PeriTox-M, a Cell-Based Assay for Peripheral Neurotoxicity with Improved Sensitivity to Mitochondrial Inhibitors

Abstract

Human cell-based assays for neurotoxicity (NT) and developmental neurotoxicity (DNT) have reached a high level of readiness, but some tests require improvements in the specificity and sensitivity at which mitochondrial toxicants are detected. This study aimed to optimize the PeriTox assay, which uses peripheral neurons (PNs) and predicts the potential of chemicals to trigger peripheral neuropathies.
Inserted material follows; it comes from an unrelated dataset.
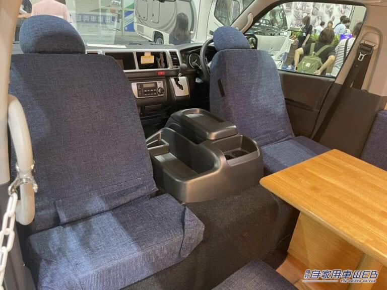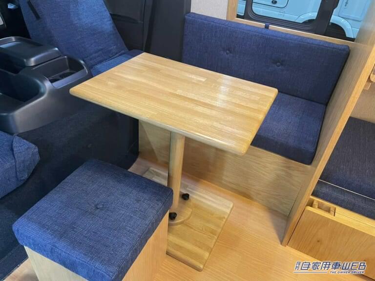 運転席と助手席は、前に倒すと背面がシートになる仕組み。テーブルは適度なサイズ感で、車内での移動の際も邪魔にならない。

By introducing a glucose-to-galactose switch in the medium composition, cells were forced to rely on mitochondrial respiration. Using pre-differentiated PNs cultured in either glucose (Glc) or galactose (Gal), we observed no major differences in baseline phenotype, gene expression, neurite outgrowth, or total ATP content. However, a marked metabolic shift was confirmed by the increased oxygen consumption in Gal conditions. Based on measurements of neurite growth and ATP levels, Gal-adapted neurons showed a heightened sensitivity, up to 7500-fold, to a range of mitochondrial respiratory chain (MRC) inhibitors. The sensitivity shift was high for inhibitors of MRC complexes I and III and modest or absent for unrelated compounds such as proteasome inhibitors or cytoskeletal poisons. For complex I-III inhibitors, the enhanced detection of mitochondrial neurotoxicants was coupled with a more accurate distinction between cytotoxic and neurite-specific effects, i.e., an improved assay specificity. In conclusion, our study on 39 compounds suggests that running the PeriTox assay in galactose increases its sensitivity and specificity for several mitochondrial toxicants, while no general disadvantages or shortcomings were observed. The modified version (PeriTox-M) may increase the performance of in vitro test batteries for scientific and regulatory applications.